Member of Parliament for Kamouraska
- In office June 1962 – March 1979

Personal details
- Born: 27 May 1908 Saint-Paschal-de-Kamouraska, Quebec, Canada
- Died: 4 August 1984 (aged 76) La Pocatière, Quebec, Canada
- Party: Social Credit Ralliement créditiste (1963-1971)
- Profession: lumberjack, labour representative

= Charles-Eugène Dionne =

Canadian politician (1908–1984)

Charles-Eugène Dionne (27 May 1908 – 4 August 1984) was a
Social Credit Party and Ralliement créditiste
member of the House of Commons of Canada. He was born in Saint-Paschal-de-Kamouraska and became a lumberjack in his youth. Years later he became a labour representative, eventually leading a chapter of the United Brotherhood of Carpenters and Joiners.

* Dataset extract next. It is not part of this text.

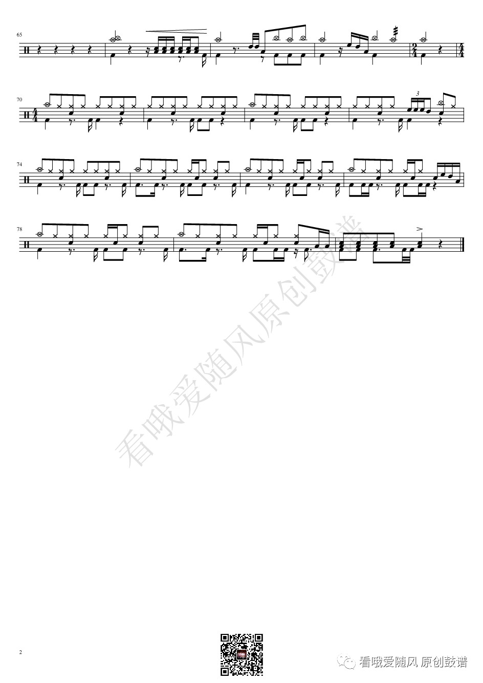ONEOKROCK《IWasKing》架子鼓谱,看哦爱随风编配出品,共有2张高清图谱,由打鼓谱上传并分享。

He was first elected at the Kamouraska riding in
the 1962 general election and was re-elected there for successive terms until the 1974 election. Ridings were redistributed for the 1979 federal election, and Dionne was defeated by Rosaire Gendron of the Liberal party at the new Kamouraska—Rivière-du-Loup riding. Dionne was also unable to unseat Gendron in the 1980 federal election. Dionne served consecutive terms from the 25th to the 30th Canadian Parliaments, remaining with the Social Credit party, which became known as the Ralliement créditiste from 1963 to 1971.

After his electoral defeat, Dionne became allied with local employment rights group Action-Chomage and continued to work with residents in Saint-Pascal on unemployment concerns.